Cultural analytics, as I see it, is situated within the same paradigm, but it works with bigger and more representative samples, expands the number of dimensions for study, and uses computer techniques to measure and quantify these dimensions. Most importantly, rather than starting with already accepted cultural categories, it analyzes “raw” cultural data to find patterns, connections, and clusters that often do not correspond to these categories.

Cultural analytics thus also can be defined as the quantitative study of cultural patterns on different scales. But we need to keep in mind that any cultural pattern we may detect and describe captures similarities among a number of artifacts on only some dimensions, ignoring their other differences. When we start considering these differences, what looked like a single group of similar artifacts reveals the presence of multiple and distinct smaller groups. A single pattern breaks down into many patterns. Thus, any cultural analytics results are always relative to what dimensions we choose to compare and which ones we choose, for the time being, to ignore.

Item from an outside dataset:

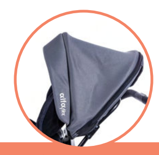
CANOPY WITH WINDOW

In summary, although we want to discover repeating patterns on different scales in cultural data, we should always remember that they account for only some aspects of the artifacts and their reception.

In the previous section, I briefly explored the implications of looking at culture the way twentieth-century social scientists looked at society. Do we actually want to do this? Cultural analytics does not want to “explain” most or even some data using a simple mathematical model and treat the rest as an error or as noise just because our mathematical model cannot account for it. And we do not want to assume that cultural variation is a deviation from a mean. We also do not want to assume that large proportions of works in a particular medium or genre follow a single or only a few patterns, such as the hero’s journey, the golden ratio, or binary oppositions, or that every culture goes through the same three or five stages of development as was claimed by some art historians in the nineteenth century.

I believe that we should study cultural diversity without assuming that it is caused by variations from certain types or structures. This is very different from the modern thinking of quantitative social science and the statistical paradigm it adapted. As I explained in this book, the historical development of statistics in the eighteenth and nineteenth centuries leads that field to consider observed data in terms of deviations from the mean.

Does this mean that we are only interested in the differences and that we want to avoid any kind of reduction at all cost? To postulate the existence of cultural patterns is to accept that we are doing at least some reduction when we think and analyze data. Without this, we cannot compare anything, unless we are dealing with extreme cultural minimalism or seriality, such as the artworks by Sol LeWitt who makes everything else equal and only varies a single variable.

My answer is presented in the next two paragraphs, and for me, these are the most important paragraphs in the whole book. In them, I describe cultural analytics as it developed until now, and I sketch a more difficult task ahead.

Unless it is a 100 percent copy of another cultural artifact or produced mechanically or algorithmically to be identical with others, every expression and interaction is unique. In some cases, this uniqueness is not important in analysis, and in other cases it is. For example, certain facial features we extracted from a dataset of Instagram self-portraits revealed interesting differences in how people represent themselves in this medium in particular cities and time periods we analyzed. But the reason we do not get tired looking at endless faces, bodies, and landscapes when we browse Instagram is that each of them is unique.

The ultimate goal of cultural analytics can be to map and understand in detail the diversity of contemporary professional and user-generated artifacts created globally—that is, to focus on what is different among numerous artifacts and not only on what they share. In the nineteenth and twentieth centuries, the lack of appropriate technologies to store, organize, and compare large cultural datasets contributed to the popularity of reductive cultural theories. Today I can use any computer to map and visualize thousands of differences among tens of millions of objects. We do not have an excuse any more to only focus on what cultural artifacts or behaviors share, which is what we do when we categorize them, or perceive them as instances of general types. So though we may have to start by extracting patterns first just to draw our initial maps of contemporary cultural production and dynamics, given their scale, eventually these patterns may recede into the background or even completely dissolve as we focus only on the differences among individual objects.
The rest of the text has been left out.